*** Block opens ***
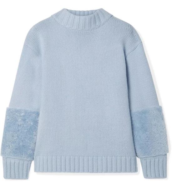 SALLY LAPOINTE羊毛皮边饰美利奴羊毛羊绒混纺毛衣
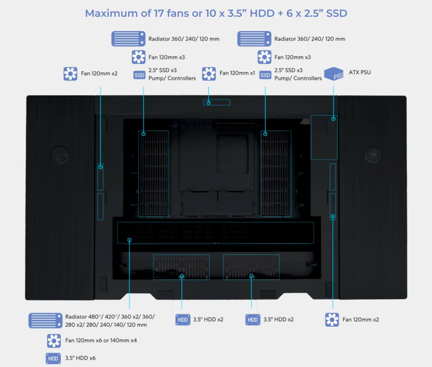 Предусмотрена возможность установки большого количества вентиляторов и накопителей. При одной системе это максимум до 17 вентиляторов 120 мм или 10 HDD 3,5” + 6 SSD 2,5”.
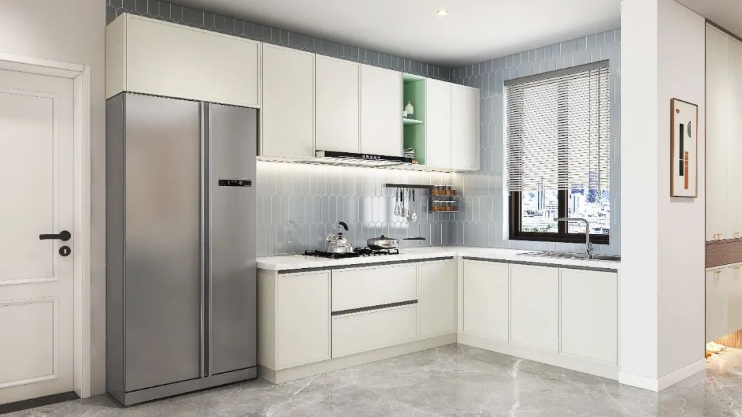 為了讓空間更通透顯大,設計師將廚房做了開放式改造,打掉原本的隔斷墻(非承重墻),打造L型櫥柜,形成烹飪的三角動線,下廚方便省力。
*** Block closes ***
* [Prompt] Leave the images aside and retype each line of the listing above exactly.

* [Reply to the task]
 SALLY LAPOINTE羊毛皮边饰美利奴羊毛羊绒混纺毛衣
 Предусмотрена возможность установки большого количества вентиляторов и накопителей. При одной системе это максимум до 17 вентиляторов 120 мм или 10 HDD 3,5” + 6 SSD 2,5”.
 為了讓空間更通透顯大,設計師將廚房做了開放式改造,打掉原本的隔斷墻(非承重墻),打造L型櫥柜,形成烹飪的三角動線,下廚方便省力。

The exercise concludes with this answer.